In the most important news for same-sex couples since the Supreme Court struck down the Defense of Marriage Act (DOMA) in June, the Internal Revenue Service issued a press release on August 29 stating that it has ruled that, for federal tax purposes, all same-sex couples who married legally in jurisdictions that recognize their marriages will be considered married. That means that a same-sex couple who married in, say, the District of Columbia but lives in Virginia will be considered married by the IRS, even though the state of Virginia does not recognize same-sex marriages (or same-sex relationships of any sort).
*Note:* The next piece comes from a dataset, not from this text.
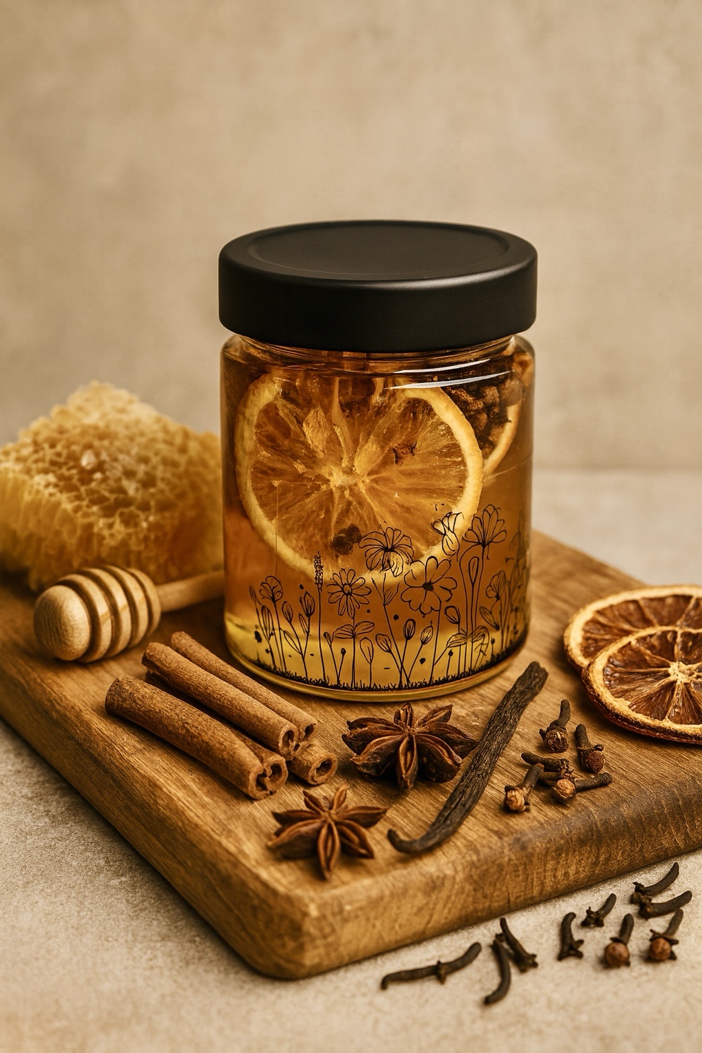 Beim Öffnen entfaltet sich ein warmer, festlicher Duft, der an gemütliche Winterabende erinnert. Der Honig eignet sich ideal zum Verfeinern von Tee, Punsch, Glühwein oder Desserts – oder einfach pur als süßer Seelenwärmer.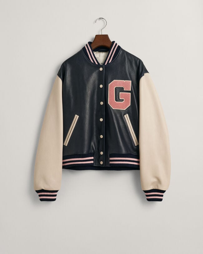 Det här plagget tillhör vår premiumkollektion: GANT 240 Mulberry Street. Den nya kollektionen hedrar vårt arv som pionjärer inom American Sportswear genom att ta preppy klassiker och utveckla dem till nya silhuetter gjorda av de finaste tygerna. Klassisk collegejacka i nytolkning, tillverkad av mjukt lammskinn. Den är helfodrad i certifierad viskos och vadderad med återvunnen polyester samt har en oversized fit som slutar vid höften. Med passpoalfickor i skinn, lackade tryckknappar, locker loop i ryggen, G-märke av frotté i collegestil på bröstet och randiga ribbstickade muddar. Plagget har en oversized fit. För en mer figurnära passform rekommenderar vi att du väljer en mindre storlek.

In other words, married same-sex couples will have the same legal rights and obligations under the Internal Revenue Code as heterosexual couples, regardless of where that same-sex couple lives. The will have to file their 2013 taxes – jointly or separately – as married and incur the benefit or “marriage tax,” depending on their particular circumstances, of filing in that status. They will also now be able to put their same-sex spouses on their employer-provided health insurance with the two-fold tax benefit of (1) not having to pay taxes on the health insurance premium subsidy provided by their employer for their spouse’s insurance and (2) having the employee share of the health insurance premium for their spouse’s coverage, like the premium for the employee’s coverage, taken out of pre-tax income. To name a few other consequences, if a same-sex couple divorces, the couple will be able to divide, transfer, and retitle property without tax consequences, and when a spouse dies, the part of the estate going to the surviving spouse will not be subject to estate taxes.
Even before the IRS ruled on the question, it was clear that married same-sex couples living in states like Maryland and Massachusetts, which recognize their marriage, would be treated the same for tax purposes as heterosexual couples – one of the most important consequences of the Supreme Court’s decision in U.S. v. Windsor, striking down DOMA. What was not clear was whether married same-sex couples living in states that do not recognize their marriage would be considered married for federal tax purposes. For them, the IRS ruling is huge.
In its August 29 ruling, the IRS also made clear that same-sex couples who married in previous years and want to amend their tax returns to change their filing status to married can do so “for one or more prior tax years still open under the statute of limitations.” They can also seek refunds for taxes they would not have paid if their marriage had been considered legal.